Repeat exactly, and only, the lines below starting at the line that contains "Décédée à Saint-Mard (6762)" and ending at the line that contains "#465930 RGB value", inclusive of both.
(RECORDS SUPPLIED Opens)
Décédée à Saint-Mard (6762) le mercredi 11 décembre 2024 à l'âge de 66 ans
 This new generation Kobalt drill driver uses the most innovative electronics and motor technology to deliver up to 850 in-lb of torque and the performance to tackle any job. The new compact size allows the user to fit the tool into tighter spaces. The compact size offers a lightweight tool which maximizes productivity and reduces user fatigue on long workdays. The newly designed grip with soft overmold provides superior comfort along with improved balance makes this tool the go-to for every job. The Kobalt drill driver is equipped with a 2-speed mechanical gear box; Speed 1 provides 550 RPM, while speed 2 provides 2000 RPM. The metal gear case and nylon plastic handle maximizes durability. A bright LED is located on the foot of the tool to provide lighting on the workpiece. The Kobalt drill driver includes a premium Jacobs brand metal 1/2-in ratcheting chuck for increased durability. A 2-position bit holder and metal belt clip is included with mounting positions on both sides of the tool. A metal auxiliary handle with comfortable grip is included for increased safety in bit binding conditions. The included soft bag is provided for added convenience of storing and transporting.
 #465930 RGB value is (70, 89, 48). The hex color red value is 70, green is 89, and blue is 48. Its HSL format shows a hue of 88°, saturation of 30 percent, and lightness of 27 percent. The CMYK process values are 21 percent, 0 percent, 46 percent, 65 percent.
(RECORDS SUPPLIED Closes)
(RECORDS SUPPLIED Opens)
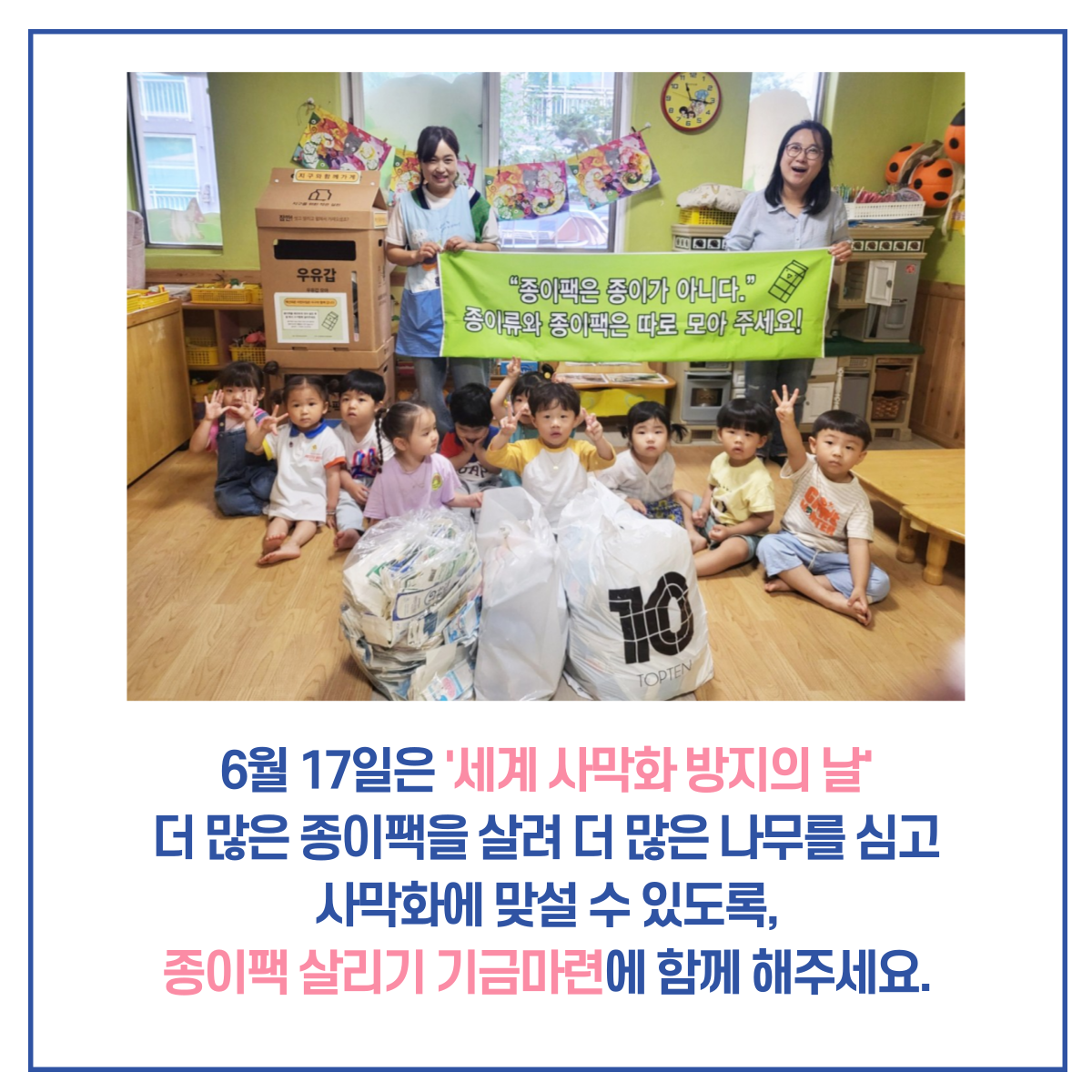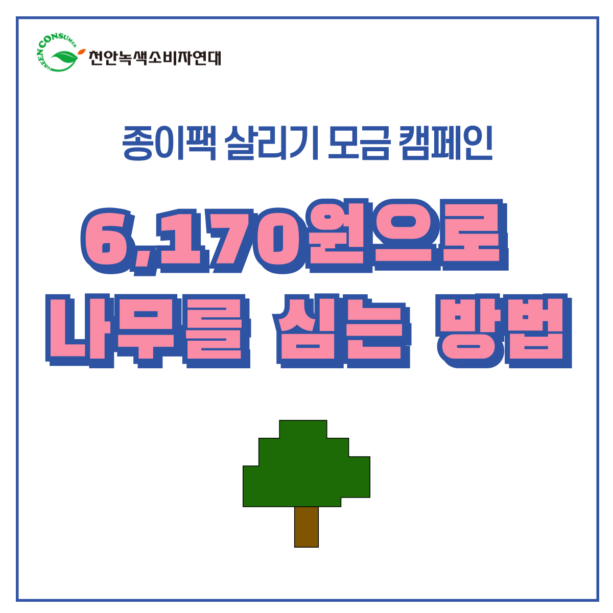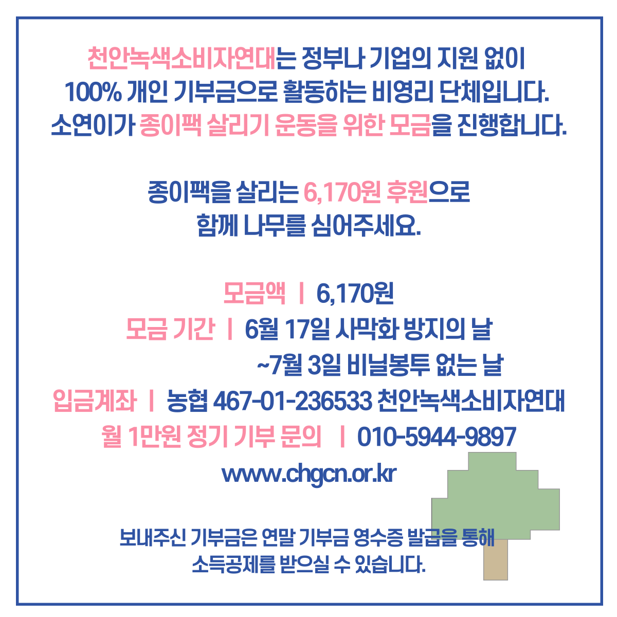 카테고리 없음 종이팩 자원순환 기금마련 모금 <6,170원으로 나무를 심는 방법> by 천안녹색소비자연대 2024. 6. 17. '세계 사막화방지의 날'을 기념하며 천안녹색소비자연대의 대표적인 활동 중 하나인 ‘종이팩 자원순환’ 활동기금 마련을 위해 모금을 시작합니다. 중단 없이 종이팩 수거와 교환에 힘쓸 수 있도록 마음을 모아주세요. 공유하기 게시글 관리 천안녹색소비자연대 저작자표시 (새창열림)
(RECORDS SUPPLIED Closes)
RESPONSE FOR THIS EXERCISE:
Décédée à Saint-Mard (6762) le mercredi 11 décembre 2024 à l'âge de 66 ans
 This new generation Kobalt drill driver uses the most innovative electronics and motor technology to deliver up to 850 in-lb of torque and the performance to tackle any job. The new compact size allows the user to fit the tool into tighter spaces. The compact size offers a lightweight tool which maximizes productivity and reduces user fatigue on long workdays. The newly designed grip with soft overmold provides superior comfort along with improved balance makes this tool the go-to for every job. The Kobalt drill driver is equipped with a 2-speed mechanical gear box; Speed 1 provides 550 RPM, while speed 2 provides 2000 RPM. The metal gear case and nylon plastic handle maximizes durability. A bright LED is located on the foot of the tool to provide lighting on the workpiece. The Kobalt drill driver includes a premium Jacobs brand metal 1/2-in ratcheting chuck for increased durability. A 2-position bit holder and metal belt clip is included with mounting positions on both sides of the tool. A metal auxiliary handle with comfortable grip is included for increased safety in bit binding conditions. The included soft bag is provided for added convenience of storing and transporting.
 #465930 RGB value is (70, 89, 48). The hex color red value is 70, green is 89, and blue is 48. Its HSL format shows a hue of 88°, saturation of 30 percent, and lightness of 27 percent. The CMYK process values are 21 percent, 0 percent, 46 percent, 65 percent.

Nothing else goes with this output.